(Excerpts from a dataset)

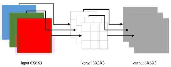 Depthwise separable convolution [22] includes a depthwise convolution and a pointwise convolution. When inputting a pixel, three-channel picture data (shape is 6 × 6 × 3), in the convolution operation, use a convolution kernel; Padding = 1, Stride = 1. After the convolution operation was completed, there were three feature images, with a feature size of , as shown in Figure 4. The convolution kernel shape in this case is:
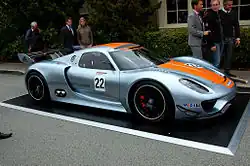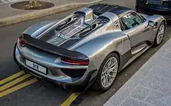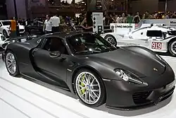 Porsche 918 Spyder je plug-in hybridní sportovní automobil se středovým uložením motoru, vyráběný německou automobilkou Porsche.[1] Spyder je poháněn 4,6 litrovým motorem V8 s atmosférickým sáním poskytující výkon 616 metric horsepower (608 bhp; 453 kW) a také dvěma elektromotory dodávajících dalších 283 metric horsepower (279 bhp; 208 kW) koňských sil s kombinovaným výstupem 899 metric horsepower (887 bhp; 661 kW). 918 Spyder disponuje řádkou 6,8 kWh lithium-ion baterií, což umožňuje dojezd 19 km čistě na elektřinu.
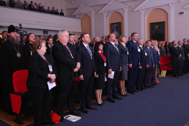 Продолжило торжественную церемонию открытия форума выступление доктора исторических наук, научного директора Российского военно-исторического общества Михаила Мягкова, который зачитал поздравительный адрес от председателя попечительского совета РВИО Владимира Мединского.
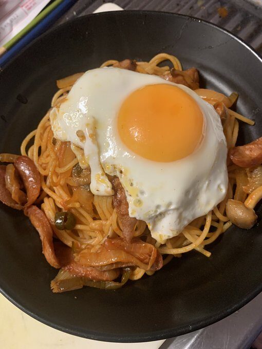タマネギ、ピーマン、ブナしめじ、ソーセージを切り炒める、ケチャップを入れ煮詰めてソースを作る。茹でたパスタをソースにあえて完成! 最後に目玉焼きとおろしたチーズをかけた。
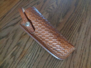 This neat vintage brown leather holster features a stamped basket weave pattern with a snap close. Made in Seattle, WA by The Walkers Brand Company, this sturdy holster will fit a 357 Colt Revolver. The back is stamped “The Walkers Seattle 22, 357 Colt”.
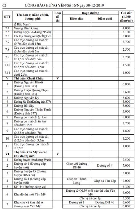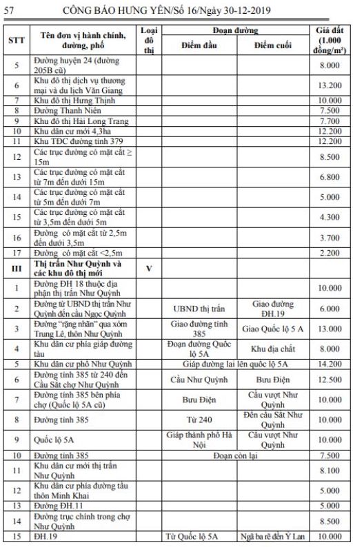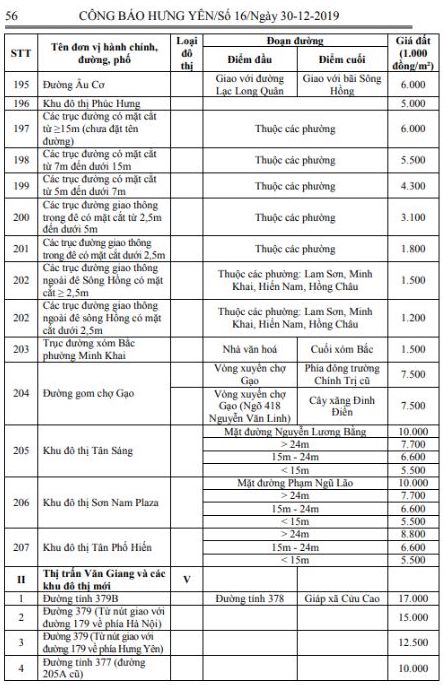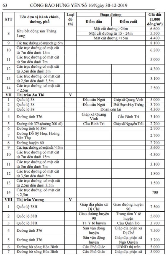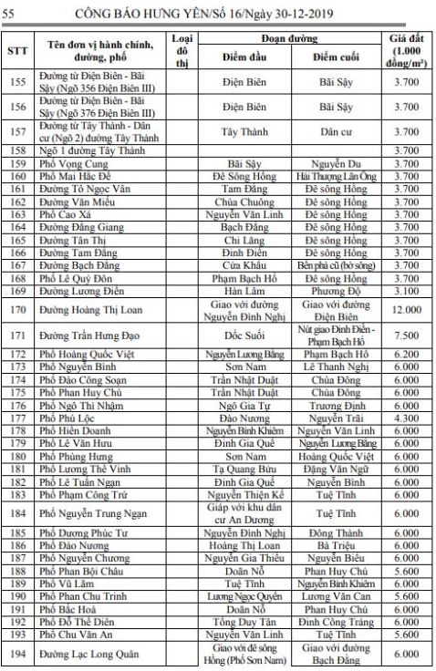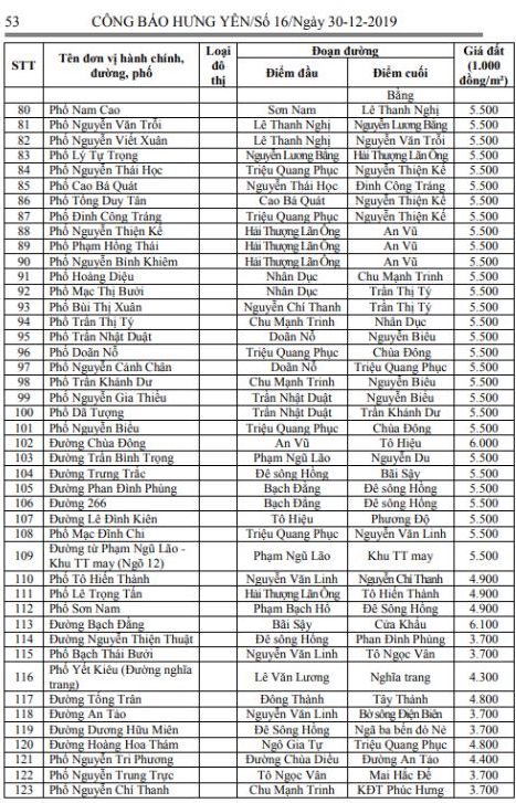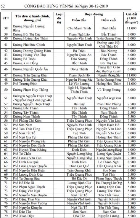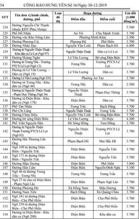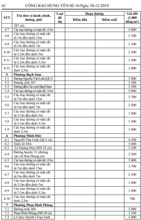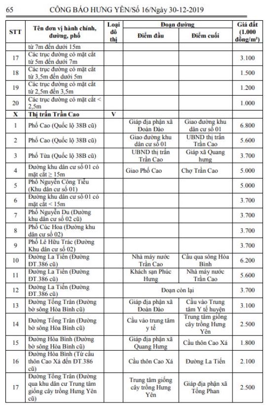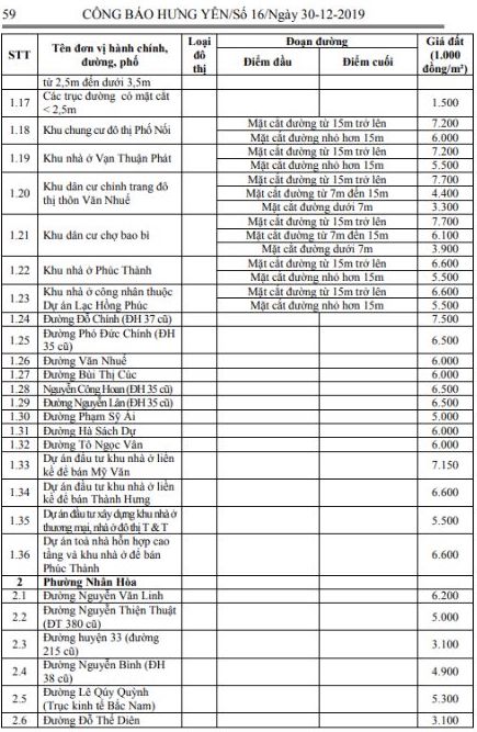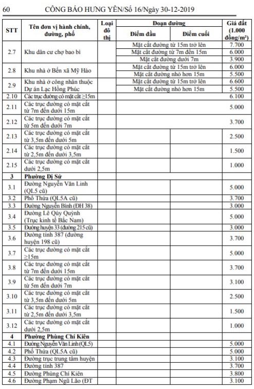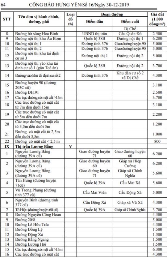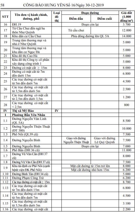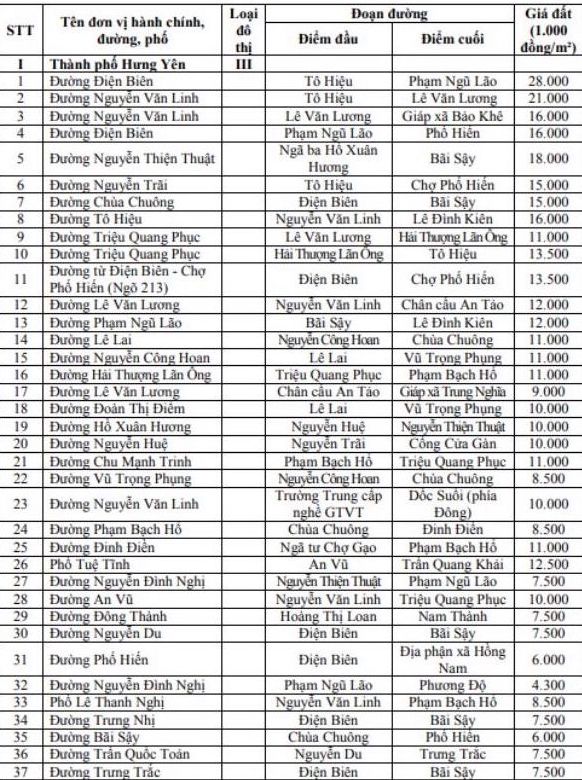 Dưới đây là bảng giá đất ở đô thị tỉnh Hưng Yên (chưa bao gồm Thái Bình sau sáp nhập):
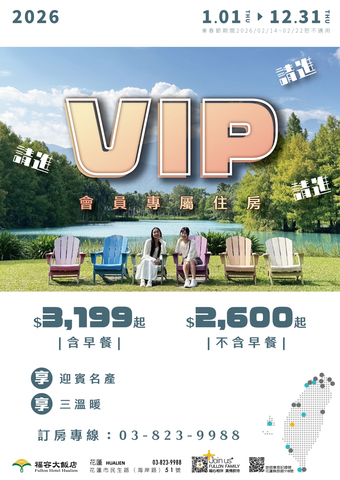 | ● 非平日期間加價如下: » 週五、週日:每晚NT$400 » 大假日(週六):每晚NT$1,000 ● 暑假期間(2026/07/01~08/31)加價如下: » 暑假旺日(週一~週四):每晚NT$800 » 暑假假日(週五、週日):每晚NT$1,200 » 暑假大假日(週六):每晚NT$1,500 ● 升海景每房每晚加$500 ● 春節期間恕不適用2026/02/14~02/22 ● 壽星佈置:於官網或訂房平台預訂住宿,即可以NT500加購壽星佈置乙組 (團體訂房及商務合約不適用) » 氣球、生日帽、軟性飲料*2、餅乾*4、花東限定乖乖*1、邊境法式甜點*2 (實際依現場佈置為主) » 若是預訂官網專案加購壽星佈置可享累積點數,恕不可會員折扣 » 春節期間02/14~02/22恕不適用 ● 雙重優惠恕不可合併使用。 ● 福容家會員可累積點數與分級折扣。 ● 福容大飯店花蓮保有活動解釋權。 |
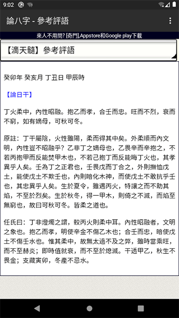 我个人觉得这个App对于喜欢研究八字的人来说是个不错的选择,功能全面且操作相对简单。虽然我对命理不太了解,但能感受到这款软件的专业性和细致程度。如果你对八字命理感兴趣,可以试试看,或许会对你的生活规划有所帮助!
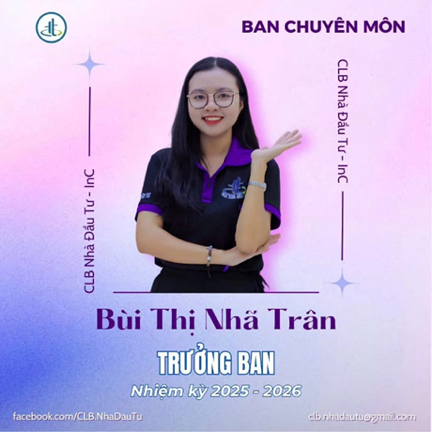 | 3. Bùi Thị Nhã Trân Chức vụ: Trưởng Ban Chuyên Môn Số ĐT: 0329926965 MSSV: 2221003305 Email: 2221003305@sv.ufm.edu.vn |
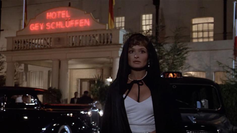 18. MUCHAS DE LAS FRASES EN ALEMÁN DE LA PELÍCULA NO TIENEN SENTIDO. A los actores que interpretaban a los villanos de Alemania del Este se les pedía a menudo que dijeran cualquier cosa que sonara furiosa y europea, como la frase «Ich liebe dich mein schätz!» («te amo, mi dulce»), que el oficial Von Horst grita marcialmente en respuesta a la orden del general Strecht, o el «Hotel Gey Schlüffen» (en yiddish, algo así como «buenas noches» o «andá a dormir»). Algunos incluso inventaron palabras falsas en alemán. De hecho, a un actor se le escapó la frase «sauerkraut disco» durante una discusión a gritos. Los espectadores que hablaban alemán de verdad estallaban en carcajadas o se quedaban mirando, totalmente confundidos. Los cineastas admitieron más tarde que priorizaron el ritmo y el tono sobre la traducción real.
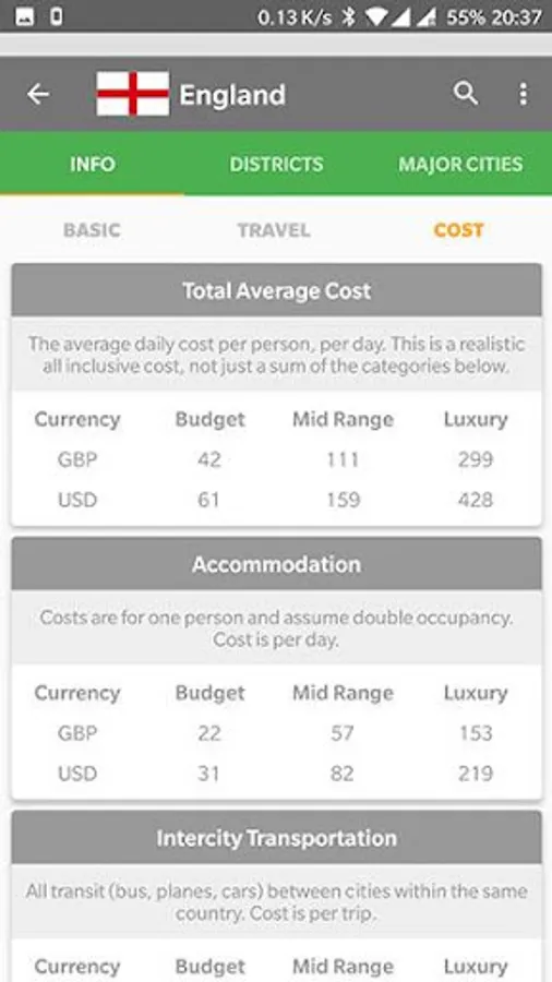 Each section includes costs for three different budgets: Budget, Mid Range and Luxury. The app will also display all costs in both your home currency and the local currency, so you can get a grasp of conversion rates before hand.
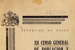 XII Censo general de población y i de vivienda :levantado el 24 de abril de 1952 / República de Chile, Servicio Nacional de Estadística y Censos. Santiago : Servicio Nacional de Estadistica y Censos, 1956-1958 (Santiago : Gutemberg) v.
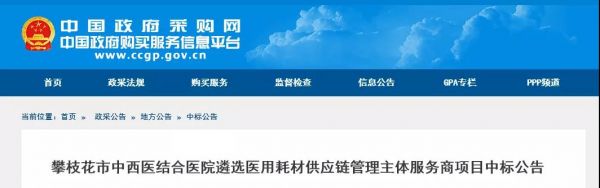 8月初,中国政府采购网发布《攀枝花市中西医结合医院遴选医用耗材供应链管理主体服务商项目中标公告》。
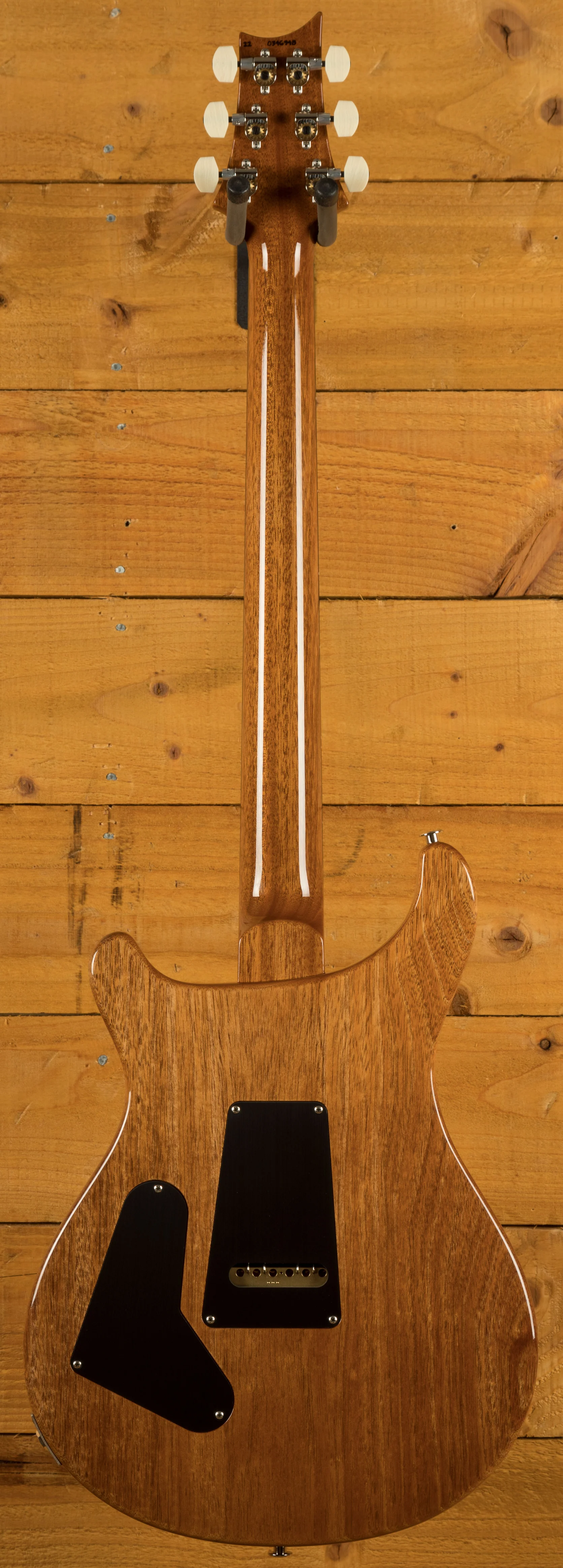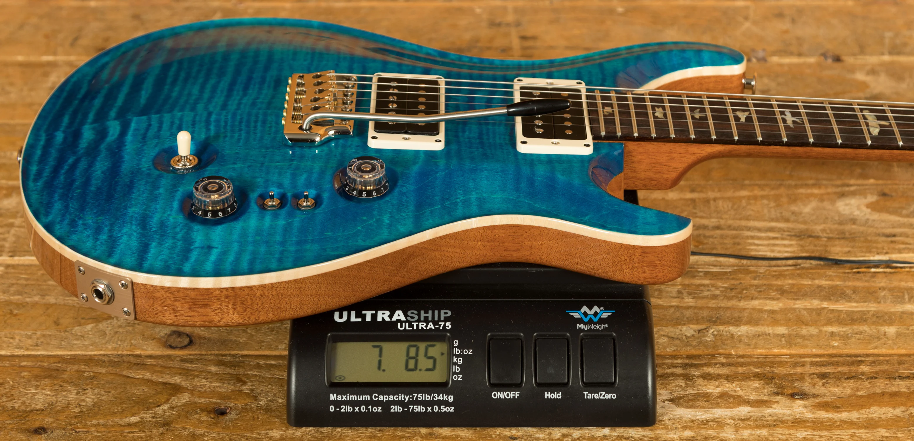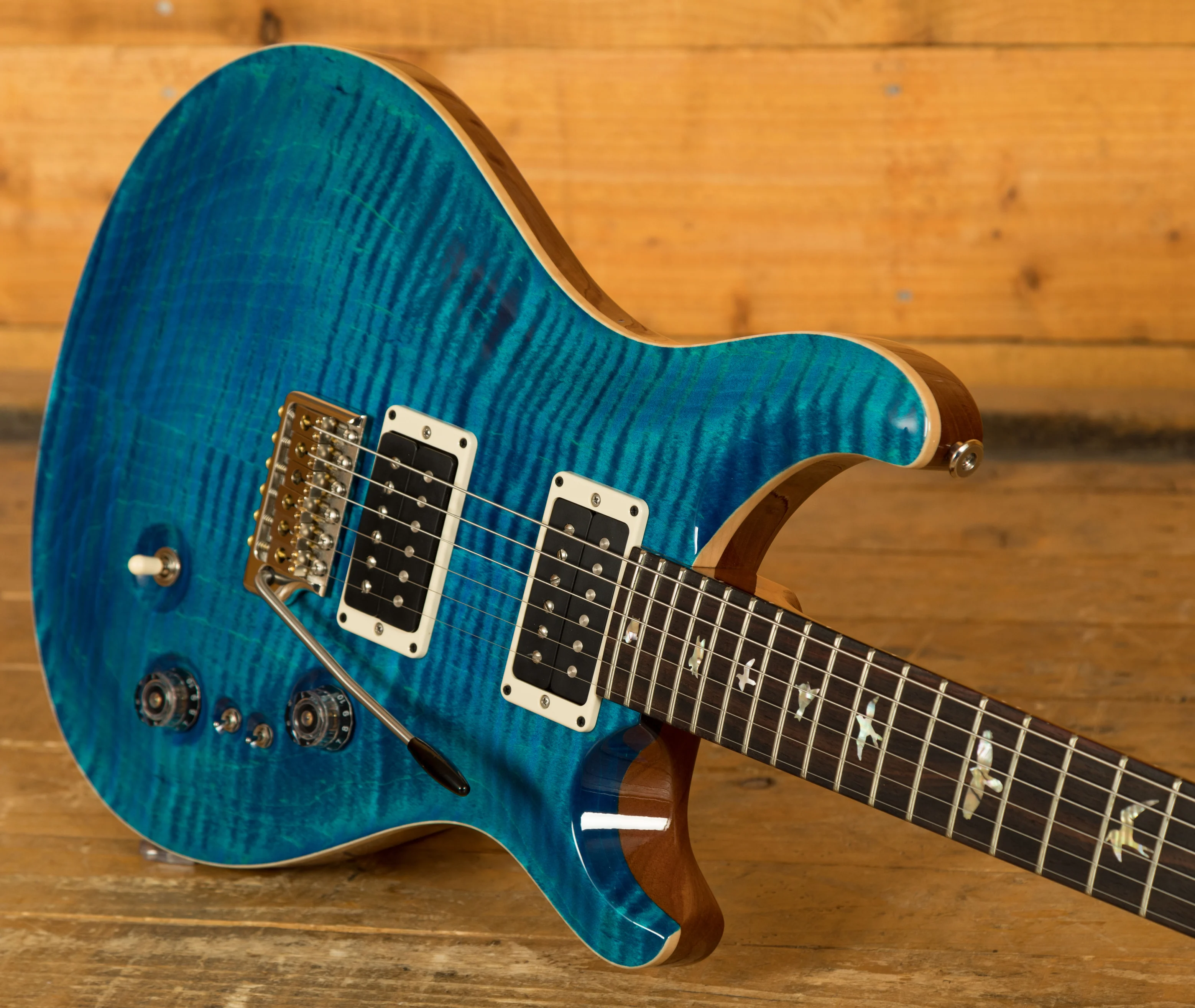 The Mahogany body with carved figured Maple top a offers a rich warmth and depth that complements the beautiful Aquamarine finish. With a 25" scale length, Pattern Regular profile and of course, 24 frets, the Mahogany neck feels really comfortable and familiar. The iconic PRS birds sit proudly atop the Rosewood fingerboard for the definitive PRS experience.
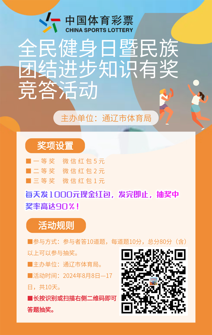 2024年8月5日,通遼市大尚網(wǎng)絡(luò)技術(shù)服務(wù)有限公司與通遼市體育局達成合作協(xié)議,大尚網(wǎng)絡(luò)公司負責通遼市體育局“全民健身日暨民族團結(jié)進步知識有獎競答活動”系統(tǒng)開發(fā)制作工作,活動正在進行中,敬請期待。

▸ What is required:
Using the records above, repeat exactly the run of lines that starts with the line with "タマネギ、ピーマン、ブナしめ" and goes on through the line with "Email: 2221003305@sv.ufm.edu.vn |"; omit each picture.

▸ Exercise result:
タマネギ、ピーマン、ブナしめじ、ソーセージを切り炒める、ケチャップを入れ煮詰めてソースを作る。茹でたパスタをソースにあえて完成! 最後に目玉焼きとおろしたチーズをかけた。
 This neat vintage brown leather holster features a stamped basket weave pattern with a snap close. Made in Seattle, WA by The Walkers Brand Company, this sturdy holster will fit a 357 Colt Revolver. The back is stamped “The Walkers Seattle 22, 357 Colt”.
 Dưới đây là bảng giá đất ở đô thị tỉnh Hưng Yên (chưa bao gồm Thái Bình sau sáp nhập):
 | ● 非平日期間加價如下: » 週五、週日:每晚NT$400 » 大假日(週六):每晚NT$1,000 ● 暑假期間(2026/07/01~08/31)加價如下: » 暑假旺日(週一~週四):每晚NT$800 » 暑假假日(週五、週日):每晚NT$1,200 » 暑假大假日(週六):每晚NT$1,500 ● 升海景每房每晚加$500 ● 春節期間恕不適用2026/02/14~02/22 ● 壽星佈置:於官網或訂房平台預訂住宿,即可以NT500加購壽星佈置乙組 (團體訂房及商務合約不適用) » 氣球、生日帽、軟性飲料*2、餅乾*4、花東限定乖乖*1、邊境法式甜點*2 (實際依現場佈置為主) » 若是預訂官網專案加購壽星佈置可享累積點數,恕不可會員折扣 » 春節期間02/14~02/22恕不適用 ● 雙重優惠恕不可合併使用。 ● 福容家會員可累積點數與分級折扣。 ● 福容大飯店花蓮保有活動解釋權。 |
 我个人觉得这个App对于喜欢研究八字的人来说是个不错的选择,功能全面且操作相对简单。虽然我对命理不太了解,但能感受到这款软件的专业性和细致程度。如果你对八字命理感兴趣,可以试试看,或许会对你的生活规划有所帮助!
 | 3. Bùi Thị Nhã Trân Chức vụ: Trưởng Ban Chuyên Môn Số ĐT: 0329926965 MSSV: 2221003305 Email: 2221003305@sv.ufm.edu.vn |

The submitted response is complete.